Exercise details:
From the entries below, print exactly the span beginning with the line holding "Figure 5 shows" and ending with the line holding "De Intelligent solar", endpoints included, and skip any pictures.

——————————

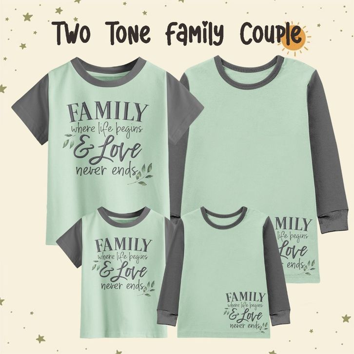 baju couple keluarga cople pasangan kaos Atasan Twotone Couple Keluarga Lengan Panjang Pendek Motif Family & Love | Min
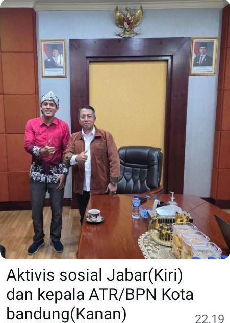 Aktivis Kemanusiaan Jabar yang akrab di sapa Kang Surya,dalam pertemuannya dengan kepala kantor pertanahan Kota Bandung H. Yayat Ahadiat Awaludin S.SiT.,M.H di nilai sangat penting, karena untuk memberikan informasi publik, agar tidak simpang siur. Kamis,(04 Desember 2025).
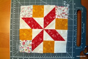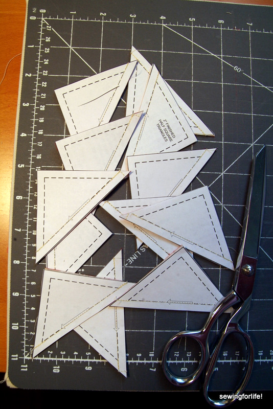 I used a rotary cutter to cut out the big pieces and then my scissors to cut the diagonal on the triangles. You can use either your scissors or the rotary cutter for all of it, it’s your choice. Both will work.
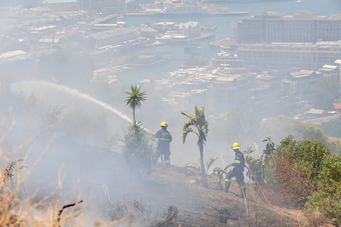 Fire-fighters tries to put out a blaze on Signal Hill. l LEON LESTRADE/FILE
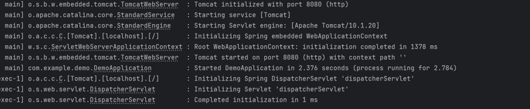 아래와 같이 Tomcat started on port 8080 (http) ~~ 로그가 뜬다면 성공입니다.
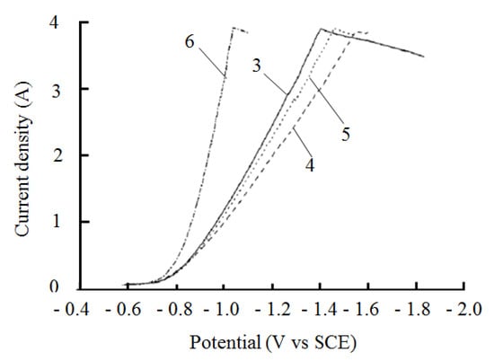 Figure 5 shows the cathodic polarization curves for different plating solution pH values. When the pH in the plating solution increased from 3.0 to 4.0, cathodic polarization was enhanced. When the pH value in the plating solution was 3, the solution became more acidic and a massive reduction of hydrogen inhibited the deposition of nickel ions. Increasing the pH value in the plating solution increased the cathodic overpotential and increased the cathodic current efficiency. By continuing to increase the pH to 6.0, the ions OH− & and Ni2+ in the plating solution generated Ni(OH)2 impurities, which affected the quality of the coating. Based on the analysis above, the pH value of the plating solution was reasonably chosen to be between 3.0 and 5.0.
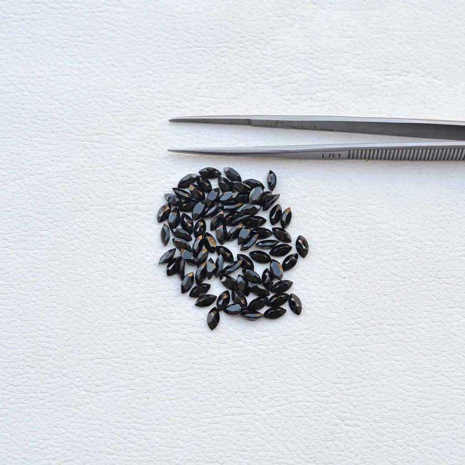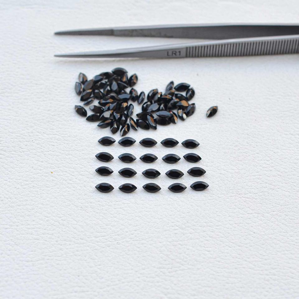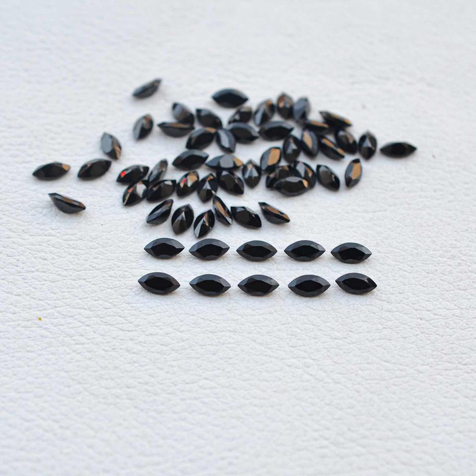 หินอัญมณีทรงเหลี่ยมเพชรพลอยประดับเพชรโอนิกซ์สีดำธรรมชาติขนาด2.5มม. X 5มม. ได้รับการรับรองเกรด AAA
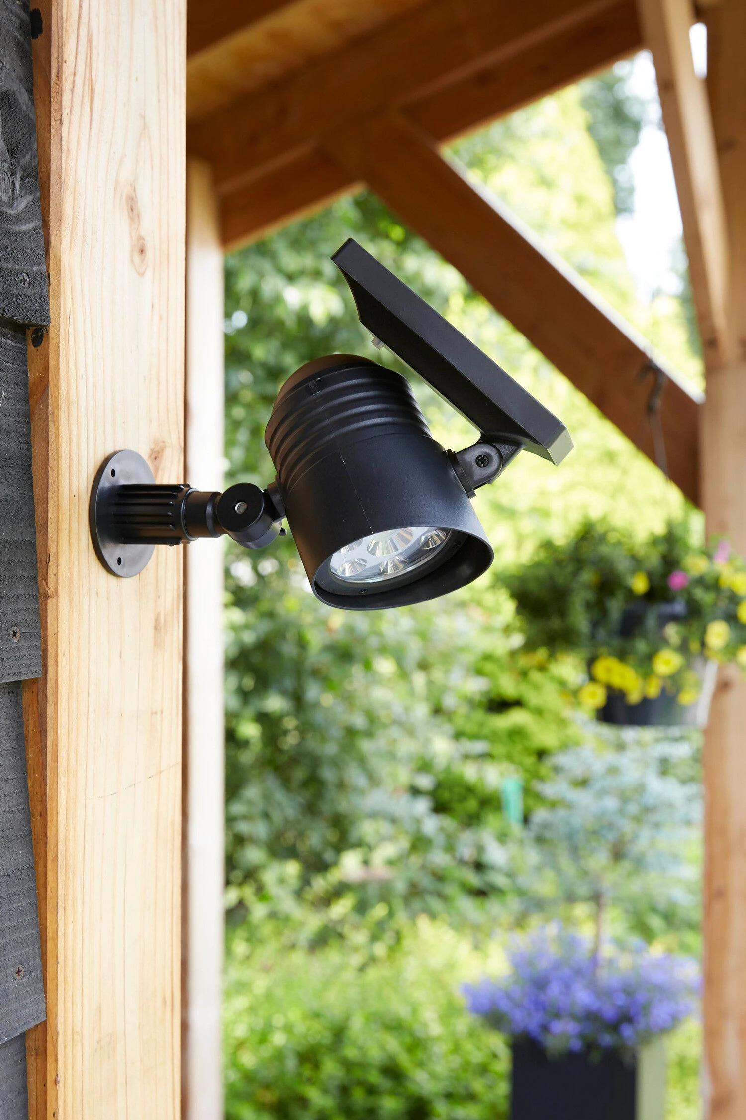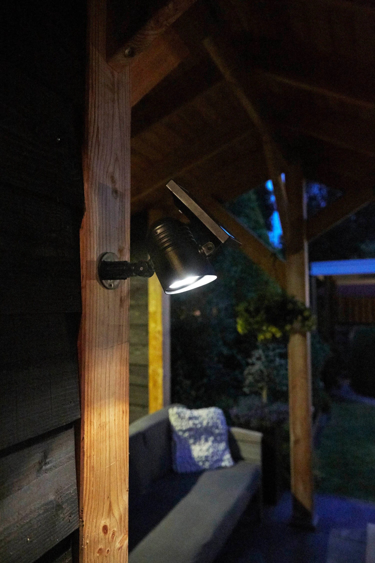 De Intelligent solar LED spotlight Lupus van Luxform is een innovatie op het gebied van solarverlichting. Deze lamp blijft namelijk in de winterperiode langer branden in vergelijking met traditionele solar lampen! Met zijn Intelligentie Chip is de lamp in staat om zijn lichtopbrengst aan te passen aan de geladen energie van die dag. In de zomerse periode zal de lichtopbrengst maximaal zijn gedurende 8 branduren. In de winterperiode zal de lichtopbrengst dimmen, zodat de lamp voor een langere periode licht geeft. Dit model is voorzien van 7 warm witte LED lampen met een lichtopbrengst van maar liefst 50 lumen. Zowel het solar paneel als de lamp zijn kantelbaar. Hierdoor kan het paneel de zon en het daglicht optimaal opnemen, en de lamp op de gewenste hoogte gericht worden. De grondspies zorgt ervoor dat de lamp eenvoudig in de tuin te plaatsen is. Tevens kan de lamp met behulp van de voetplaat en schroeven op een harde ondergrond bevestigd worden. Solar verlichting van Luxform Lighting is de snelste, veiligste en gemakkelijkste manier om ’s avonds sfeer in jouw tuin te brengen. Elke lamp bevat een ingenieus ontworpen zonnepaneel dat zonlicht omzet in elektrische energie. Deze energie wordt opgeslagen in een oplaadbare batterij, die ’s avonds zorgt voor de benodigde energie. Tip: Plaats de lamp overdag op een zonnige plaats, zodat de batterij optimaal geladen kan worden.
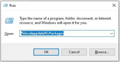 - Press **Windows** + **R**. This should open the run command box. * Type: **%localappdata%\Packages\ **and hit enter.

——————————

Answer section:
 Figure 5 shows the cathodic polarization curves for different plating solution pH values. When the pH in the plating solution increased from 3.0 to 4.0, cathodic polarization was enhanced. When the pH value in the plating solution was 3, the solution became more acidic and a massive reduction of hydrogen inhibited the deposition of nickel ions. Increasing the pH value in the plating solution increased the cathodic overpotential and increased the cathodic current efficiency. By continuing to increase the pH to 6.0, the ions OH− & and Ni2+ in the plating solution generated Ni(OH)2 impurities, which affected the quality of the coating. Based on the analysis above, the pH value of the plating solution was reasonably chosen to be between 3.0 and 5.0.
 หินอัญมณีทรงเหลี่ยมเพชรพลอยประดับเพชรโอนิกซ์สีดำธรรมชาติขนาด2.5มม. X 5มม. ได้รับการรับรองเกรด AAA
 De Intelligent solar LED spotlight Lupus van Luxform is een innovatie op het gebied van solarverlichting. Deze lamp blijft namelijk in de winterperiode langer branden in vergelijking met traditionele solar lampen! Met zijn Intelligentie Chip is de lamp in staat om zijn lichtopbrengst aan te passen aan de geladen energie van die dag. In de zomerse periode zal de lichtopbrengst maximaal zijn gedurende 8 branduren. In de winterperiode zal de lichtopbrengst dimmen, zodat de lamp voor een langere periode licht geeft. Dit model is voorzien van 7 warm witte LED lampen met een lichtopbrengst van maar liefst 50 lumen. Zowel het solar paneel als de lamp zijn kantelbaar. Hierdoor kan het paneel de zon en het daglicht optimaal opnemen, en de lamp op de gewenste hoogte gericht worden. De grondspies zorgt ervoor dat de lamp eenvoudig in de tuin te plaatsen is. Tevens kan de lamp met behulp van de voetplaat en schroeven op een harde ondergrond bevestigd worden. Solar verlichting van Luxform Lighting is de snelste, veiligste en gemakkelijkste manier om ’s avonds sfeer in jouw tuin te brengen. Elke lamp bevat een ingenieus ontworpen zonnepaneel dat zonlicht omzet in elektrische energie. Deze energie wordt opgeslagen in een oplaadbare batterij, die ’s avonds zorgt voor de benodigde energie. Tip: Plaats de lamp overdag op een zonnige plaats, zodat de batterij optimaal geladen kan worden.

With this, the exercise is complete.